The required output is the exact text of the lines from the line containing "U-23マーケティング部は、" through the final line below, inclusive, without pictures.

──────── Extracted entries

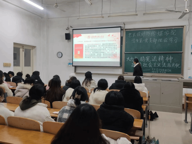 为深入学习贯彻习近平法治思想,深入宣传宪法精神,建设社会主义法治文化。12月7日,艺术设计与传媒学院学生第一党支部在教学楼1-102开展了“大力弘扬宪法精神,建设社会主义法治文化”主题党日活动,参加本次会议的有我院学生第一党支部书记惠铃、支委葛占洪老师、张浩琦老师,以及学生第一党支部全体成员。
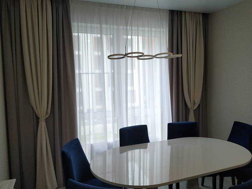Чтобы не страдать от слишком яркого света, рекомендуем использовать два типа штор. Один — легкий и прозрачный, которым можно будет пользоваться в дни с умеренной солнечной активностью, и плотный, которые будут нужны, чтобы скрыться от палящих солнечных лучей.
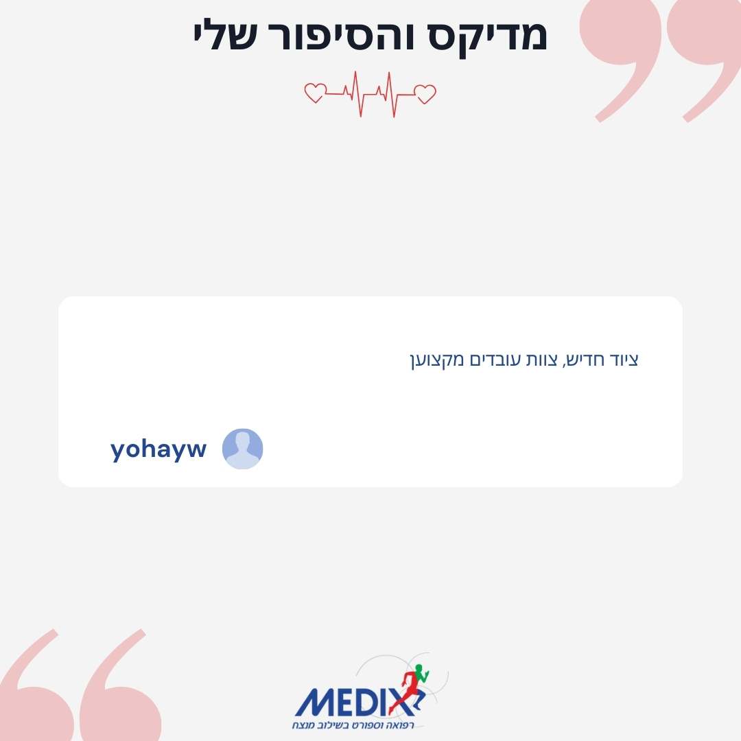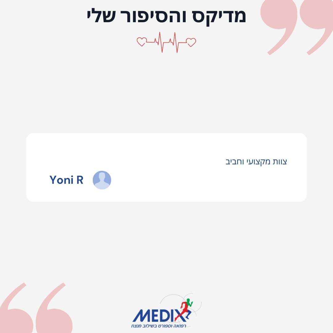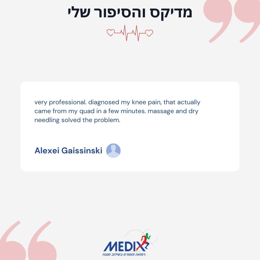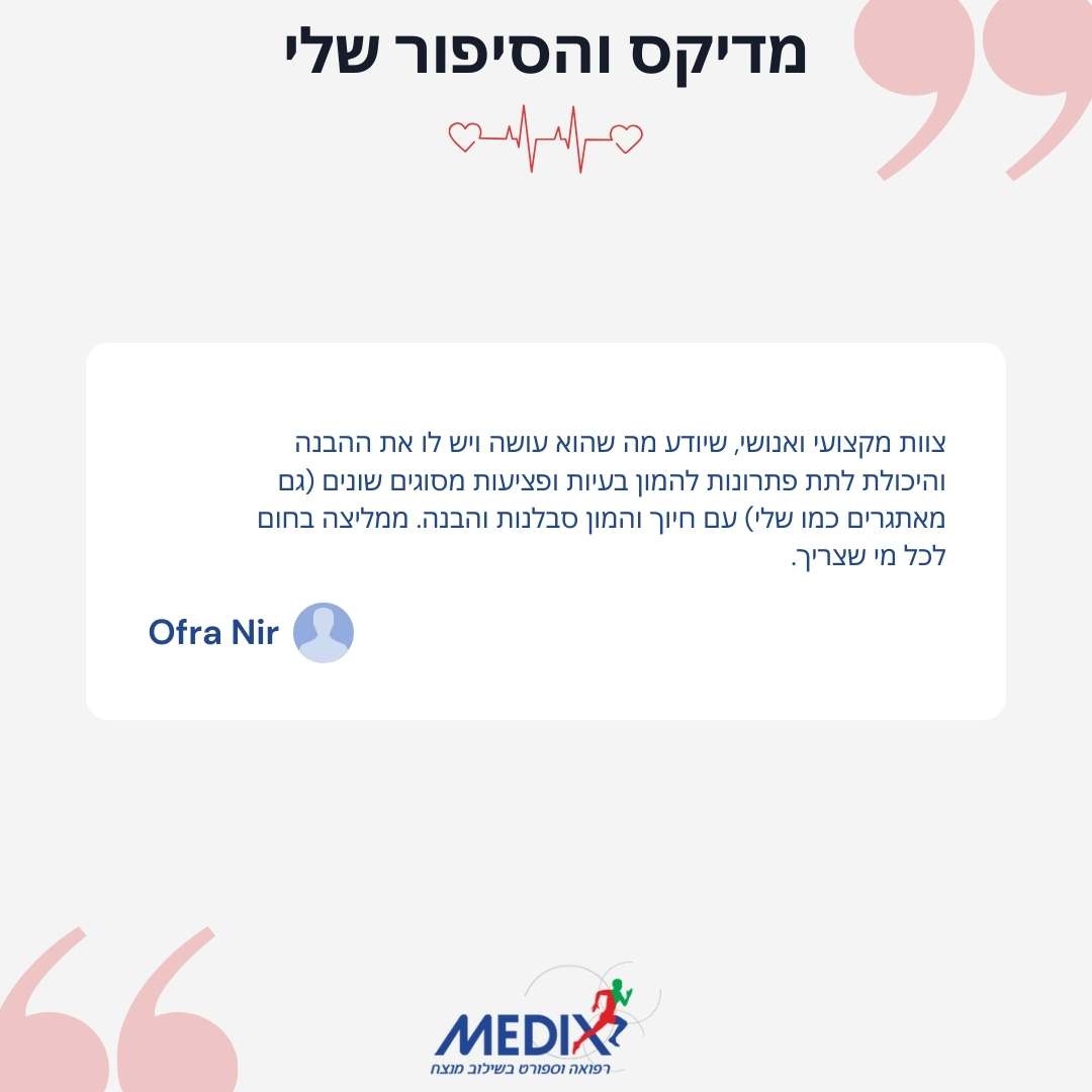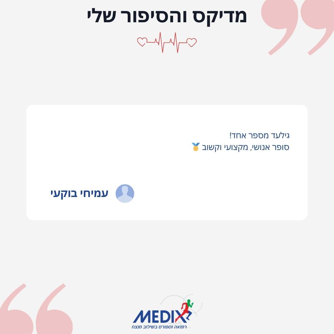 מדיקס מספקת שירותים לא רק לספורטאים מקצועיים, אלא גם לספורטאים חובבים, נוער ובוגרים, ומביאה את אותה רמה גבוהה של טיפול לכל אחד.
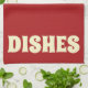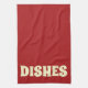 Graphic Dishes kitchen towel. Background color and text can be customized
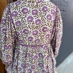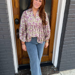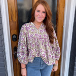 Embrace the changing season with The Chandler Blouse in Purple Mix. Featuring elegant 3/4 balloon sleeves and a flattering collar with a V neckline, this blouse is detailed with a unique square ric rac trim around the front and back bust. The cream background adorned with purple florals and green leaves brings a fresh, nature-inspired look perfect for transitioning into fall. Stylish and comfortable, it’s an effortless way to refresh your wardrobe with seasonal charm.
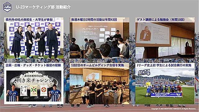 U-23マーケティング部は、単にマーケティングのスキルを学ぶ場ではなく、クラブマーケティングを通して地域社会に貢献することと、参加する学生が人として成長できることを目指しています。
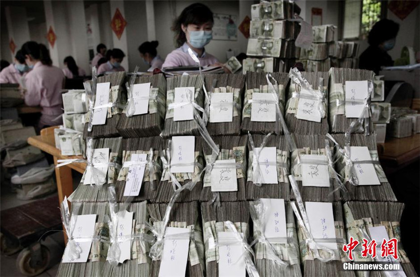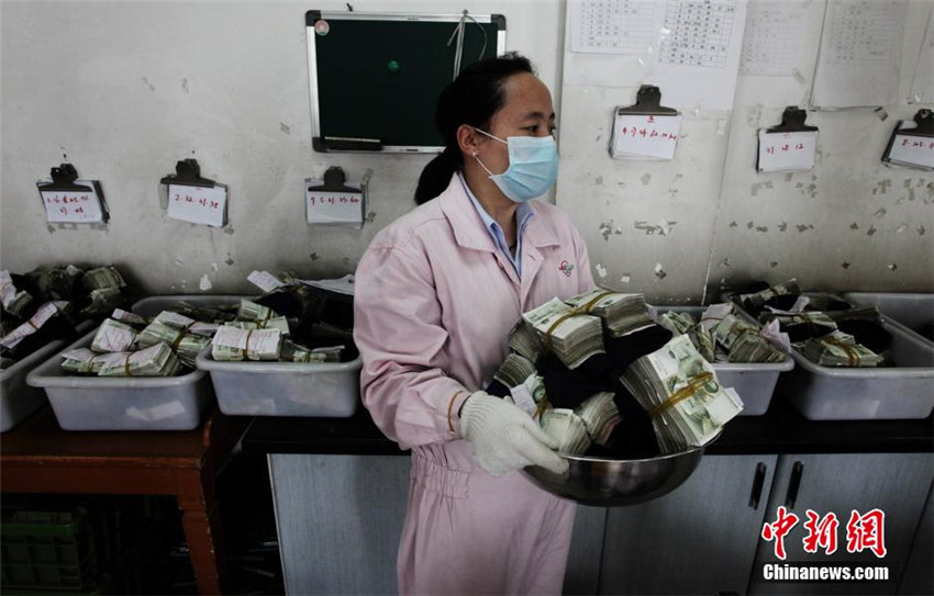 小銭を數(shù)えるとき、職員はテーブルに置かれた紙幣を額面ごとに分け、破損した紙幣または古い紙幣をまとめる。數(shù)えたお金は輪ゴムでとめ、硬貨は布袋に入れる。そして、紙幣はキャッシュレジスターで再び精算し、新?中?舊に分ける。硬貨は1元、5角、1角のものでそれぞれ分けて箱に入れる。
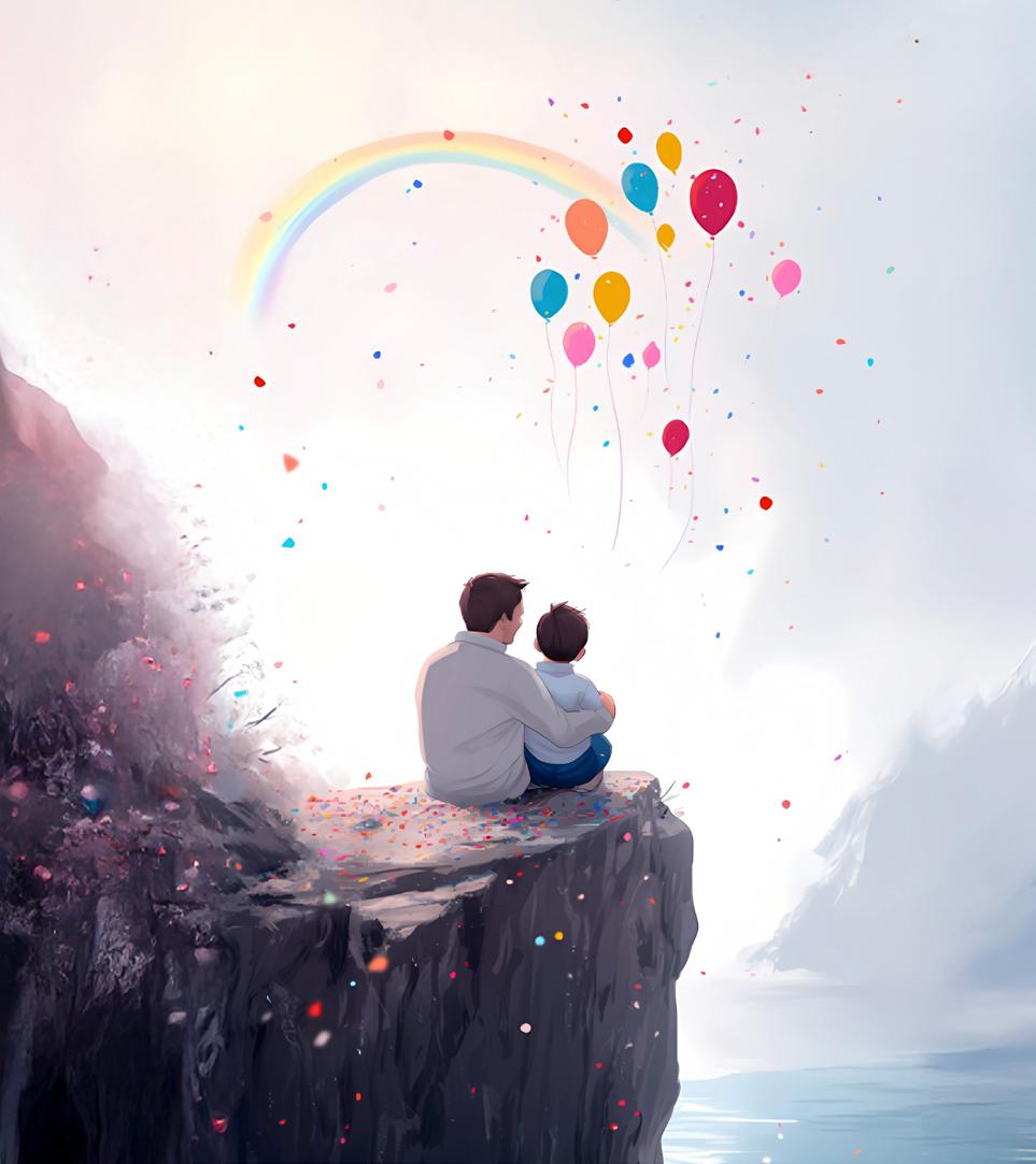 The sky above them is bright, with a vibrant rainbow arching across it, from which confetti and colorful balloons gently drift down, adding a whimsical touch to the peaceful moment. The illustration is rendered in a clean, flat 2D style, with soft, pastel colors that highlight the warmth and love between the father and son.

────────────────

* Answer:
 U-23マーケティング部は、単にマーケティングのスキルを学ぶ場ではなく、クラブマーケティングを通して地域社会に貢献することと、参加する学生が人として成長できることを目指しています。
 小銭を數(shù)えるとき、職員はテーブルに置かれた紙幣を額面ごとに分け、破損した紙幣または古い紙幣をまとめる。數(shù)えたお金は輪ゴムでとめ、硬貨は布袋に入れる。そして、紙幣はキャッシュレジスターで再び精算し、新?中?舊に分ける。硬貨は1元、5角、1角のものでそれぞれ分けて箱に入れる。
 The sky above them is bright, with a vibrant rainbow arching across it, from which confetti and colorful balloons gently drift down, adding a whimsical touch to the peaceful moment. The illustration is rendered in a clean, flat 2D style, with soft, pastel colors that highlight the warmth and love between the father and son.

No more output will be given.